Orillia's Kaden Noble is heading south to play National Junior College Athletics Association (NJCAA) Division 1 baseball on a full scholarship.

The right-handed pitcher best known for following up his power fastball with a devastating breaking ball, started playing baseball when he was around 10 years old.

"My dad played softball for Slo-Pitch Canada," Noble explained of his baseball roots. "I grew up playing hockey but decided one day to try out for the Orillia Royals."

Noble, who is now 18, was assigned to a rep team right away because of his athletic abilities. After one season, he followed his close friend Caleb Clark to Barrie to play for the Red Sox.

Both Noble and Clark would advance their careers to London where they played for the Great Lakes Canadians, an elite amateur team. Today, Clark plays for the Nebraska Cornhuskers, a Division I National Collegiate Athletic Association (NCAA) baseball team.

Noble was originally a power-hitting second baseman, who would occasionally pitch, which sparked the interest of many scouts across the province.

"Hitting was my strong suit," he said. "Going into my 15U year here for the Great Lakes Canadians, my pitching coach said the staff saw more potential with my pitching which could be my ticket into the next level."

From there on, Noble turned his focus to pitching. In 2022, Noble decided to move to London, live with a billet family, and begin honing his craft every day.

"I needed to be closer to the training facility and diamond," he explained. "Everything was baseball surrounded."

Noble spent countless hours with Clark and other well-accomplished young baseball players to learn what had made them so successful.

"We were always bouncing ideas off each other to work on our craft," he explained.

Noble, an alumnus of Twin Lakes Secondary School, says it was difficult "starting a whole new life" in London, but it has been all worth it.

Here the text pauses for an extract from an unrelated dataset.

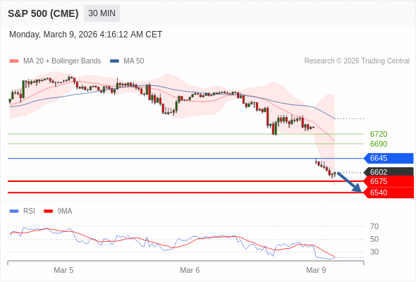 在 6645 之下,看跌,目标价位为 6575 ,然后为 6540 。
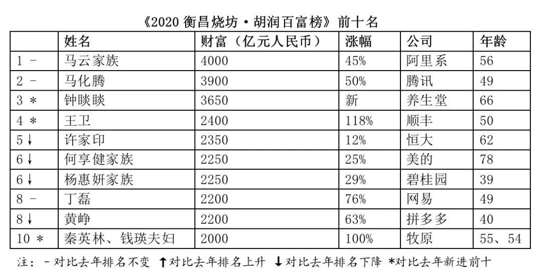 ?《2020衡昌烧坊·胡润百富榜》完整榜单请浏览 http://www.hurun.net

"I had to figure out how to get my schooling done all by myself," he said. "I was missing out on things that my friends and community were doing in order to achieve my dreams of being at the diamond and facility every day."

Noble, a Mother Teresa Catholic Secondary School graduate, spent the fall doing college tours in Michigan and Missouri where he had the opportunity to pitch in front of scouts. After seeing his highlight reel, Noble was offered a full scholarship from McCook Community College in Nebraska.

"I knew it was a great fit knowing how much this team can compete," he said. "They have a chance to go to the JUCO World Series in Grand Junction, Colorado."

Noble is ultra-competitive, which is why it was so important for him to play for a winning team that would give him lots of opportunities to take the mound in high-pressure situations. 

"That's a team I want to be a part of," he said. "I want to go down there, compete, and help win a championship."

Noble, who will be taking sports management at McCook, hopes that surrounding himself with championship-calibre players will help him reach the next level of his baseball career. 

"My goal from here is to go to an NCAA school," he said. "I'll be playing my first two years with a NJCAA school to gain experience, and then walk into an NCAA program and compete right from day one on that mound."

Noble's ultimate goal is to make the major leagues. He doesn't have an alternative plan if baseball doesn't work out.

"I want to see how far my talent can go in the sport," he said.

Noble thanks his teammates, especially Clark and Max Hewitt, for helping him reach this next step in his career.

"They pushed me and showed me how to improve in my position," he said. "They helped me with my love for the sport and have been there for me when I have questions."

Noble also thanks his Great Lakes Canadians coaches Chris Robinson and Adam Stern for allowing him to play with the highly talented group.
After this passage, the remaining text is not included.